In 2015, I had the privilege of co-chairing Colorado’s first LGBT Law Institute, a two-day seminar for attorneys whose practices include LGBT issues. Some of the topics covered were the fall of DOMA, the groundbreaking Edie Windsor case, employment discrimination, estate planning, and immigration issues unique to the LGBT community.

Obergefell v. Hodges
On June 26, 2015, the U.S. Supreme Court issued its opinion in Obergefell v. Hodges, holding that same-sex married couples are entitled to equal protection under the laws, and that their marriages must be recognized nationwide.

All state laws banning same-sex marriage were effectively nullified by this ruling. Same-sex spouses can now enjoy all state tax benefits and other spousal benefits that other married couples enjoy. (Including marriage, divorce, adoption & child custody, separation agreements, marital property, spousal death benefits, inheriting through intestacy, priority rights in guardianship and conservatorship proceedings, contract rights, etc.).

After the Obergefell v. Hodges decision, same-sex couples are afforded the same spousal rights that other couples enjoy. Some of these occur independent of preemptive planning. For example:

  • Adoption or child custody proceedings
  • Divorce proceedings
  • Spousal priority in matters concerning an incapacitated spouse’s care, or recognition in the event guardianship or conservatorship proceedings are necessary
  • Spousal survivorship rights under state pension or other retirement benefits, even in states that previously did not recognize same-sex marriage
  • Spousal inheritance through intestacy (when a spouse dies without a valid Will or Trust)
  • Spousal priority in the event a will or trust proceeding is contested after death
  • The ability to file taxes jointly as a married couple
  • Any other spousal contract right where the contract is construed under the laws of a state that did not recognize the marriage.
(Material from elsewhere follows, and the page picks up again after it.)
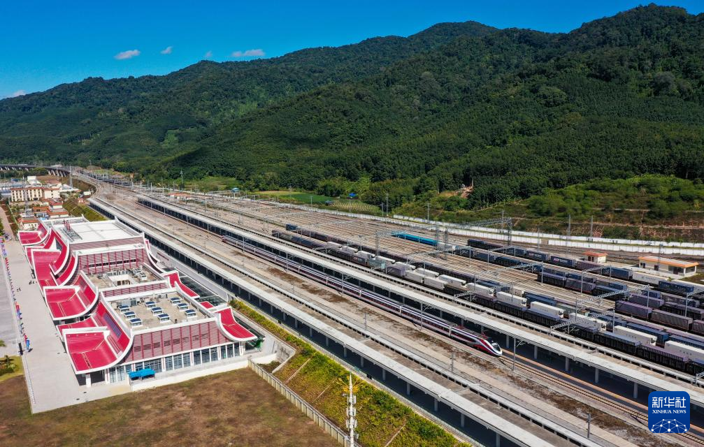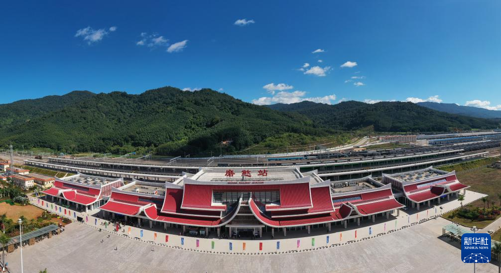 這是12月3日拍攝的中老鐵路磨憨站(無人機(jī)全景照片)。

Couples Should Still Be Proactive
Simply because states must now recognize marriage does not mean couples do not have to take control of their death and incapacity planning, and clearly state their wishes in enforceable legal documents. All the reasons for proactive estate planning apply just as much to unmarried couples and same-sex married couples as they do to opposite-sex married couples:

  • Expressing their wishes concerning their medical care during periods of incapacity (through durable powers of attorney);
  • Structuring the distribution of their property, possibly in certain protective Trusts, for the benefit of their surviving spouse and children after death;
  • Establishing Trusts to preserve privacy, and to avoid the delay and expense of guardianship or probate proceedings during incapacity and after death;
  • Providing clarity and discretion to a trustee to make strategic tax decisions through Trust administration after death (through various investment powers, and accounting and tax provisions);
  • Providing for family members other than a spouse or child through their estate plans;
  • Making gifts to religious or other charitable organizations through their estates; and
  • Allowing orderly operation and transition of businesses or professional practices through incapacity or death.

Obergefell v. Hodges likely represents the last word on same-sex marriage, elevating these relationships to equal stature with other marriages. While same-sex married couples are now entitled to equal protection under the laws of every state, the efficacy of those laws in ensuring dignity in disability and death, and orderly and structured distribution of property after death is very limited for all couples. Families should always take control of their planning and leave as little to state law interpretation as possible. That is best done through careful estate planning with an attorney who is familiar and comfortable with LGBT estate planning.